Gemstone: Howlite

Tumbled howlite stones

I think that howlite, a calcium borosilicate hydroxide, has a mildly interesting discovery story.  It was discovered fairly recently–1868–in Windsor, Nova Scotia by the gypsum miners there who complained about this nuisance rock in their good gypsum.  The complaints came to the attention of Henry How, who identified it as a new stone and gave it his own name.

Howlite is most often found in irregular, cauliflower-like nodules, though it rarely occurs in tiny crystals.  The nodules are white with fine grey or black veins in an web-like pattern.  It is most often an opaque stone with a sub-vitreous lustre, and it is very porous for a rock.  This final trait is frequently exploited by jewelers, who dye howlite into all sorts of colors.  In particular, it is often dyed blue or blue-green to resemble turquoise, and it often sold as ‘turquenite’ in its turquoise-dyed form.  It is also fairly soft for a stone, at a Mohs hardness of 3.5, which lends itself well to carving.

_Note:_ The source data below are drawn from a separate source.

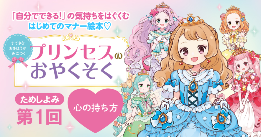 この本では、憧れのプリンセスの物語を何度も夢中で楽しむうちに、社会で生きていくために大切にしたい「おさほう」や「マナー」が自然と身につくよう、たくさんの工夫がほどこされています。
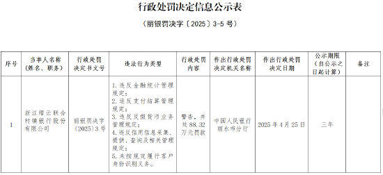 5月7日金融一线消息股票配资知识联系方式,中国人民银行丽水市分行行政处罚信息公示表显示,浙江缙云联合村镇银行股份有限公司因违反金融统计管理规定,支付结算管理规定....
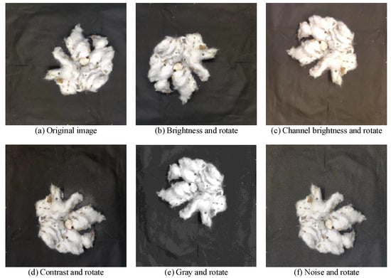 The precision of dataset labeling directly influences the segmentation accuracy of both cotton and impurities. Constructing a dataset of cotton-impurity images and accurately labeling them is both time-consuming and labor-intensive. This study develops a small dataset of 320 images and enhances it using data-augmentation techniques to bolster the model’s robustness. We utilize Labelme to categorize targets in the cotton images into two classes: cotton and impurity. The polygonal areas of cotton and impurities are manually annotated, and the labeled files are saved in JavaScript Object Notation (JSON) format. Figure 4 illustrates the enhancement of image data through flipping, grayscale adjustment, brightness adjustment, contrast adjustment, and noise addition. By combining the original images with the data-enhanced images and their labels, the manuscript creates the cotton-impurity dataset, which contains a total of 1920 images and 1920 JSON-labeled files. Subsequently, the JSON annotation files are converted to a Text (TXT) format compatible with YOLO and randomly partitioned the dataset into training, validation, and test sets in a ratio of 8:1:1, yielding 1536, 192, and 192 images, respectively.
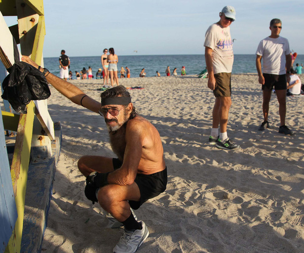 MIAMI _ Laura Lee Huttenbach noticed on her regular South Beach runs that she would always pass by an older man with long wavy hair, a salt-and-pepper beard, and jet black running shorts.

Examples of dyed and carved howlite

According to Love is in the Earth, the mineral is used “to calm communication, to facilitate awareness, and to encourage emotional expression.”  In particular, it combines “the power of reasoning with observation and patience, providing for discernment, retentive memory, and a laudable desire for knowledge” which brings “progress marked with triumph.”  Therefore, it “spurs one toward the ambition to reach one’s goals and assists in eliminating hesitation with respect to action.”

It sounds a bit like an excellent stone for ambitious procrastinators.  In fact, since howlite “dispels criticalness, cold selfishness, and facetiousness” and brings “both strength and innocence to immediate confrontations” it does really work to combat a lot of procrastination triggers for many people, since it softens hypercritical personalities.  Overall, howlite “helps to lessen rudeness and boisterousness and can provide a reflection of the offender to the offender”, it “discourages impertinent behavior and encourages subtlety and tact” and it “builds an innate decency within one’s character, encouraging those attributes which are the building blocks to spirituality.”

Physiologically, howlite “can be used to eliminate pain, stress, and rage.”  It is also useful “for balancing calcium levels in the body”, both increasing and decreasing as needed.  As a calcium balancer, it is also used in treatments for teeth, bone structure, and soft tissue disorders.